• _Exercise details_: Down to the last line, print the data that follows exactly, without its pictures.

• _Collected material_:
★ ★ ★ ★ ★ ★ ★

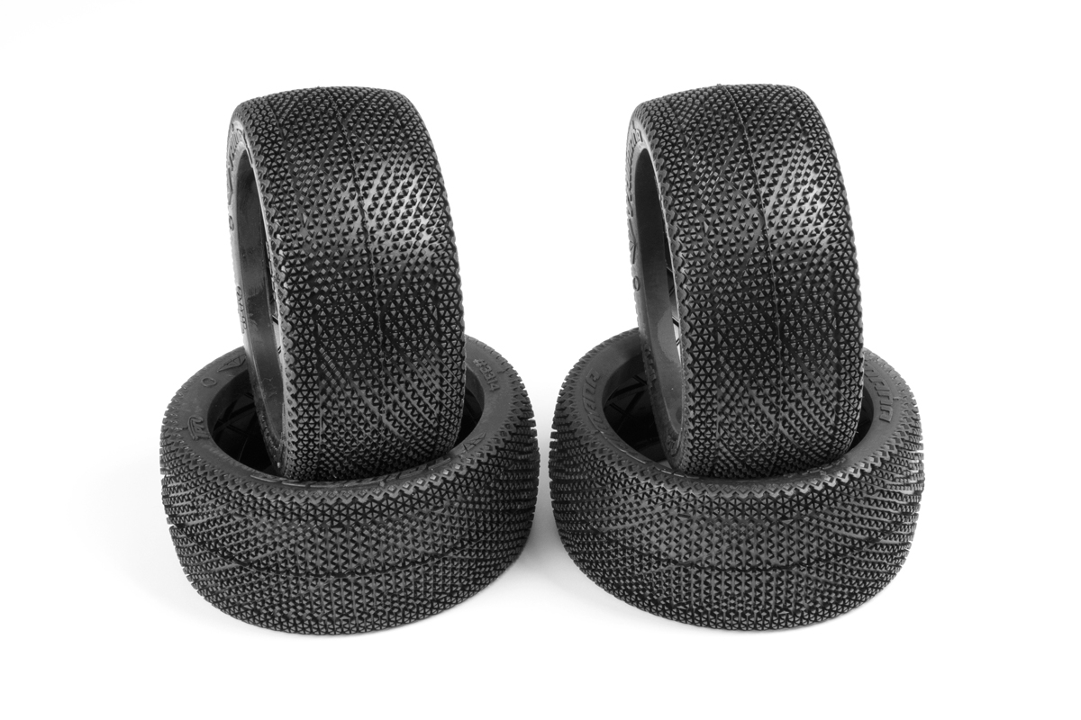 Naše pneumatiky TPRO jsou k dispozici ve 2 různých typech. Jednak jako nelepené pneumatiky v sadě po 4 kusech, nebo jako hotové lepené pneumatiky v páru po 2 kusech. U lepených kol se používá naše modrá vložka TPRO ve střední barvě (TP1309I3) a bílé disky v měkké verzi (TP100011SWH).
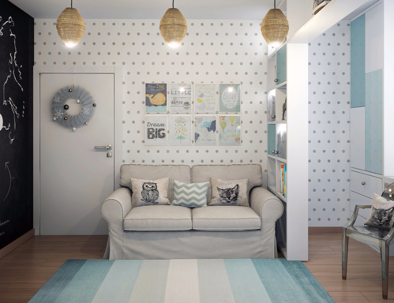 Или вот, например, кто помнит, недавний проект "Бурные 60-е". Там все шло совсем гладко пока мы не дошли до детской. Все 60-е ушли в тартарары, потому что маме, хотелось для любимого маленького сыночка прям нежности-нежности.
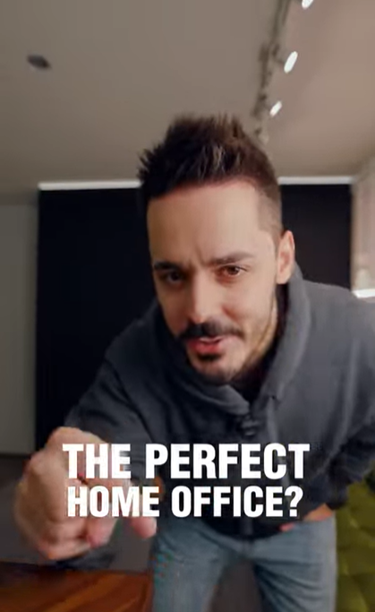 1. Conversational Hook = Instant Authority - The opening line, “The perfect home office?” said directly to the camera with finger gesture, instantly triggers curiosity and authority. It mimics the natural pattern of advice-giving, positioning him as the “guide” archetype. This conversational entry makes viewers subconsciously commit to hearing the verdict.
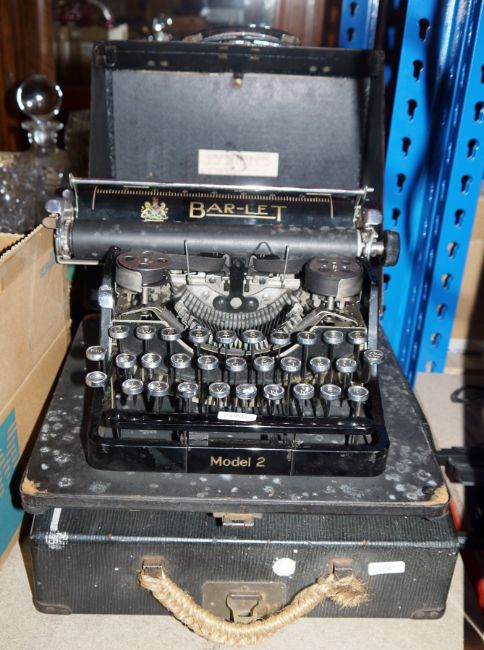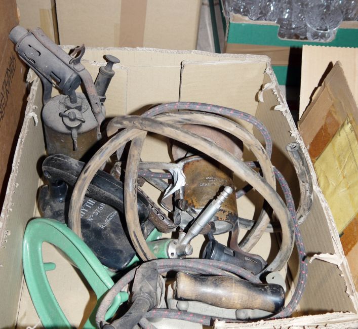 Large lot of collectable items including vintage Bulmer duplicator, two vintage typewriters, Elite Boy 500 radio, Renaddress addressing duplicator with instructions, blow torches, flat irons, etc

★ ★ ★ ★ ★ ★ ★

• _Solved exercise_:
 Naše pneumatiky TPRO jsou k dispozici ve 2 různých typech. Jednak jako nelepené pneumatiky v sadě po 4 kusech, nebo jako hotové lepené pneumatiky v páru po 2 kusech. U lepených kol se používá naše modrá vložka TPRO ve střední barvě (TP1309I3) a bílé disky v měkké verzi (TP100011SWH).
 Или вот, например, кто помнит, недавний проект "Бурные 60-е". Там все шло совсем гладко пока мы не дошли до детской. Все 60-е ушли в тартарары, потому что маме, хотелось для любимого маленького сыночка прям нежности-нежности.
 1. Conversational Hook = Instant Authority - The opening line, “The perfect home office?” said directly to the camera with finger gesture, instantly triggers curiosity and authority. It mimics the natural pattern of advice-giving, positioning him as the “guide” archetype. This conversational entry makes viewers subconsciously commit to hearing the verdict.
 Large lot of collectable items including vintage Bulmer duplicator, two vintage typewriters, Elite Boy 500 radio, Renaddress addressing duplicator with instructions, blow torches, flat irons, etc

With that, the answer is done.